Back to Field Notes
FIELD NOTE

Evaluating LLM systems beyond accuracy

3 min read

Context

Accuracy alone doesn’t tell you if a system is safe to deploy. In production, you need metrics that reflect real-world risk and cost.

Metric 1: Calibration

What it measures

Whether the model’s confidence matches its correctness. Well-calibrated models don’t overclaim when they’re unsure.

Why it matters

  • Users trust confidence scores more when they’re meaningful.
  • Downstream systems can route low-confidence queries to human review.
  • Helps set thresholds for automation.

How to measure

  • Bin predictions by confidence percentile.
  • Compute accuracy per bin.
  • Plot reliability diagram; compute Expected Calibration Error (ECE).

Production signal

  • Rising ECE after a prompt change means the model became overconfident.
  • Sudden calibration drop may indicate data drift.

Metric 2: Refusal correctness

What it measures

Whether the model refuses appropriately (harmful/invalid queries) and answers when it should.

Why it matters

  • Over-refusing kills productivity; under-refusing creates compliance risk.
  • Product teams tune refusal behavior; you must detect regressions.

How to measure

  • Curate two datasets: safe-to-answer and should-refuse.
  • Measure false refusal rate and false answer rate.
  • Track per-category refusal rates.

Production signal

  • Spike in false refusals after a policy update.
  • Declining refusal accuracy may indicate prompt drift.
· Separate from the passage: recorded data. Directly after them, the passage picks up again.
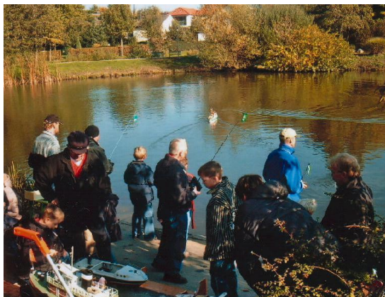
Schaufahrten sonntags am Emssee

Der Anlegesteg am Emssee in Rheda-Wiedenbrück wurde schon 1995 von den Mitgliedern gebaut. Je nach Wetterlage findet sonntags meist in der Zeit von 11 bis 13 Uhr das Schaufahren der Modelle statt. An warmen Samstagabenden werden gelegentlich auch Schiffmodelle mit Beleuchtung zu sehen sein.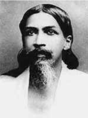
महायोगी श्री अरविंद घोष

महायोगी श्री अरविंदाचा जन्म १८७२ मध्ये बंगालमधील एका सधन कुटुंबात झाला. वयाच्या ६ व्या वर्षापासून २० व्या वर्षापर्यंत १४ वर्षे त्यांनी इंग्लंडमध्ये राहून शिक्षण घेतलं. इ.स. १८९३ मध्ये ते भारतात परत आले. १८९३ ते १९०५ पर्यंत १२ वर्षे त्यांच वास्तव्य बडोद्यात होते. याच काळात श्री अरविंदांचा मराठी भाषेशी, मराठी संस्कृतीशी आणि अनेक मराठी माणसांशी संबंध आला. महाराष्ट्राचा इतिहास आणि मराठी बाणा याविषयी त्यांना वाटणारी आत्मीयता त्यांच्या लिखाणात अनेक ठिकाणी आपणांस दिसून येते. जीवनाची प्राथमिक जडणघडण आणि सर्व शिक्षण इंग्रजी भाषेतून आणि तेही पाश्चिमात्य वातावरणात राहून घेऊनही भारतीय संस्कृती आणि भारतीय विचारधारा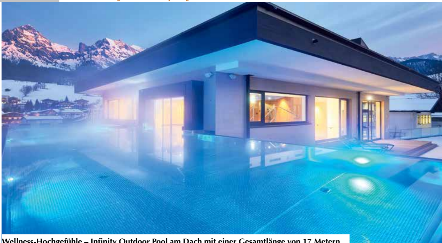
Wellness-Hochgefühle – Infinity Outdoor Pool am Dach mit einer Gesamtlänge von 17 Metern.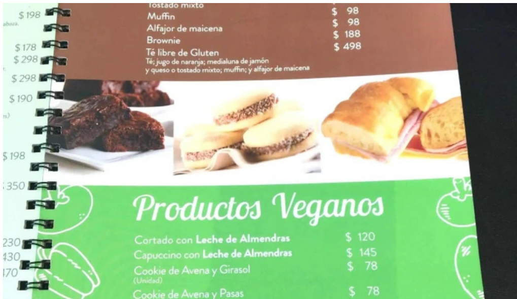
Porto vanilla caffe comentario 5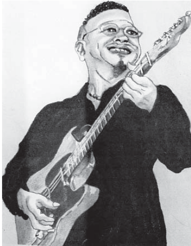
ピーちゃん。ありがとうございます。

4 よく飯高先生の書を表装していました。今の仕事と先生と縁があると思っています。高校卒業後はどうでしたか？ 英語をマスターしようとする専門学校へ行きましたが、夏休みにバンドのアルバイトに夢中になり過ぎて、学校を中退しました。その後は波瀾万丈でした。 5 演奏で一番良かったことは何ですか？ 演奏を通して好きなことが続けられることです。また、音楽を通して、いろいろな人と出会えたことですかね。 6 音楽(演奏)の魅力は何ですか？ 自分が弾くことによって、私と同世代や先輩の方が、「青春に帰ることができた」と喜んでもらえることです。 7 仕事と演奏の両立はどうでしたか？ 現在、画材や額縁、画廊の仕事をしています。芸術つまり絵画や音楽は似ているので両方ともやりがいがあります。お客さんの中には、ジャズを聴きながら日本画を描いている人もいますから。 8 これからどんな演奏をしたいですか？ ブルースを主体に、お客様に喜んで頂ける演奏活動ができれば嬉しいです。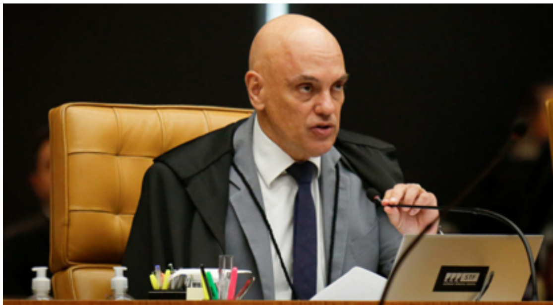
Alexandre de Moraes: combate à utilização da inteligência artificial com fins de desinformação

Segundo Moraes, em seminário promovido pela Fundação Getúlio Vargas (FGV), no Rio de Janeiro, o uso da IA no contexto político pode ampliar o alcance e o convencimento de eleitores por meio da desinformação. Por isso, a aplicação de punições, como cassação de candidaturas e de mandatos, seria importante para combater o problema nos próximos processos eleitorais. O ministro ainda voltou a dizer que as big techs – que administram as plataformas de redes sociais – devem ser submetidas a regulamentação.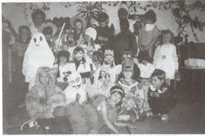
A nagycsoportosok jelmezei is ötletesek voltak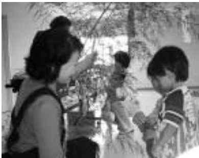
7 / 5 母子保健推進員さんを中心とした七夕の会が開かれました。 (保健福祉センター)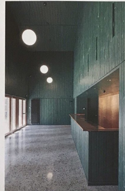
9 Le foyer se déploie jusqu'au pignon.

Ce volume compact, coiffé d'un toit à deux pans faiblement inclinés, reprend la typologie de l'ancien bâtiment d'exploitation et sert de laboratoire à l'art dramatique contemporain. Couleurs, matériaux et construction contrastent ici avec les murs au crépi clair de la ferme. Le bardage des façades à ossature bois est rythmé par une trame de nervures en saillie; les portes et les rares fenêtres en bois naturel font écho à celles de la ferme. À l'intérieur, le foyer, revêtu de panneaux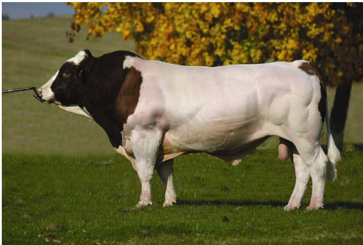
Býk RAD-186, majitel Chovatelské družstvo Impuls, družstvo.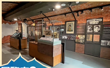
展覽廳8 ▲日軍侵華 攜手抗敵

首個專題展覽廳探討逾百年來英軍與香港政府和社區之間的關係。儘管駐軍與政府偶有矛盾和分歧，但雙方在各領域又通力合作。駐軍看似遠離社會大眾，卻又經常融入民間。專題展覽廳將不定期更換展覽內容，計劃日後可與中國人民解放軍駐香港部隊及其他內地博物館合辦專題展覽，讓參觀者有更多機會深入認識中華文化及相關歷史，亦加強香港與內地的文化交流和聯繫。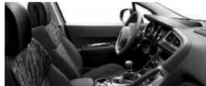
Chaîne et trame Ombrage Tramontane

Metric 3: Cost per correct answer

What it measures

The total cost (tokens + infrastructure) to achieve one correct, useful answer.

Why it matters

  • Accuracy at any cost is not viable in enterprise.
  • Encourages smart routing, caching, and right-sizing models.

How to measure

  • Sum tokens per query + overhead.
  • Divide by number of “correct” answers (human-rated or automated).
  • Track per-customer and per-query-type costs.

Production signal

  • Cost per correct answer trending up suggests inefficient routing.
  • Sudden jumps may indicate a model change or prompt bloat.

Metric 4: Controllability

What it measures

Whether the model follows explicit constraints (format, length, tone, tool usage).

Why it matters

  • Downstream integrations break when output format changes.
  • Business rules (e.g., “never mention competitors”) must be respected.

How to measure

  • Create constraint test sets with expected patterns.
  • Use regex or schema validation to check compliance.
  • Measure violation rate per constraint type.

Production signal

  • Increased violations after prompt edits.
  • Correlate violations with specific user segments or query types.

Trade-offs I accept

  • Calibration vs. latency: Temperature tuning improves calibration but can increase response time.
  • Refusal correctness vs. risk: Prefer slight over-refusing; add human review for edge cases.
  • Cost vs. quality: Route 70% of queries to smaller models; escalate only when confidence low.
  • Controllability vs. flexibility: Strict format validation reduces creativity but prevents downstream breaks.

Takeaway

Production LLM systems need a dashboard, not a single accuracy score. Track calibration, refusal correctness, cost per correct answer, and controllability - and set automated gates for regressions.